All in all, with the Chinese model of capitalism seemingly being vindicated and a more fragile trans-Atlantic bloc, there is much to celebrate for the Chinese Communist Party. However, the 100th birthday is not the end of the story for the CPC, but rather the beginning of a new phase, with quite a few stumbling blocks ahead.
To start with, while the Biden Administration will not succeed at reviving the sort of Atlantic alliance that existed during the Cold War, the international mood about the CPC’s domestic and foreign policies has clearly shifted, and there will be additional scrutiny over every step China takes.
In Australia, a close economic partner of China, there has been a ‘reality check’ in recent years.

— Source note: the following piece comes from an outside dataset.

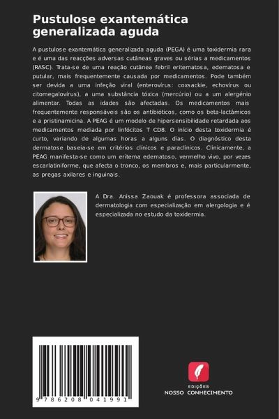 A pustulose exantemática generalizada aguda (PEGA) é uma toxidermia rara e é uma das reacções adversas cutâneas graves ou sérias a medicamentos (RASC). Trata-se de uma reação cutânea febril eritematosa, edematosa e putular, mais frequentemente causada por medicamentos. Pode também ser devida a uma infeção viral (enterovírus: coxsackie, echovírus ou citomegalovírus), a uma substância tóxica (mercúrio) ou a um alergénio alimentar. Todas as idades são afectadas. Os medicamentos mais frequentemente responsáveis são os antibióticos, como os beta-lactâmicos e a pristinamicina. A PEAG é um modelo de hipersensibilidade retardada aos medicamentos mediada por linfócitos T CD8. O início desta toxidermia é curto, variando de algumas horas a alguns dias. O diagnóstico desta dermatose baseia-se em critérios clínicos e paraclínicos. Clinicamente, a PEAG manifesta-se como um eritema edematoso, vermelho vivo, por vezes escarlatiniforme, que afecta o tronco, os membros e, mais particularmente, as pregas axilares e inguinais.

In Italy, China’s propagandistic coverage on social media of medical help dispatched during the first wave of Covid-19 was described by the parliamentary committee for intelligence services as an ‘infodemic’ campaign. This has led international relations experts and practitioners to accuse China of practising ‘sharp power’ – a concept that captures how authoritarian countries apply soft power in an aggressive and manipulative manner to further their national interests. In the UK, meanwhile, the so-called Golden Era between London and Beijing has firmly come to an end, as evidenced in the Integrated Review, which stated that the PRC ‘presents the biggest state-based threat to the UK’s economic security’.
The list of countries revising and rebalancing their economic and security interests towards China is long and growing. Perhaps, this is what led Xi Jinping on June 2 to recommend that CPC officials showcase an image of a ‘credible, loveable and respectable China’ and that it is ‘necessary to … constantly expand the circle of friends [when it comes to] international public opinion’.
This makes the biggest obstacle the CPC faces over the next 100 years all the more challenging, as it seeks to navigate the global economy as dictated by countries of the Liberal International Order (LIO) and, especially, amidst the irresolvable tension between national and transnational interests.
Western countries, in their post-Cold War China policies, neglected strategic thinking because they were too ‘busy feasting at the Chinese table’. They are now struggling to rebalance their policy priorities. Similarly, the CPC in the years to come will have to find the right balance between being open and closed, between those domestic, core, and unnegotiable interests that transformed the PRC into a great power – such as the endurance of the CPC – and the grow-or-perish pressure that capitalism imposes on every country. It is a dilemma potentially aggravated by the West’s efforts to securitise sensitive supply chains and selectively decouple from China, with both short-term and long-term effects. Weaponised interdependence is likely to become a defining feature in future Sino-Western relations, although its implications are unpredictable at this stage.
At its 100th birthday, the Communist Party of China celebrates victory in the first round of a contest that has lasted for about half a century, during which the West has had to deal with the ‘blowback’ of encouraging China to join the LIO, which clearly played in China’s favour. Now, let the second round begin.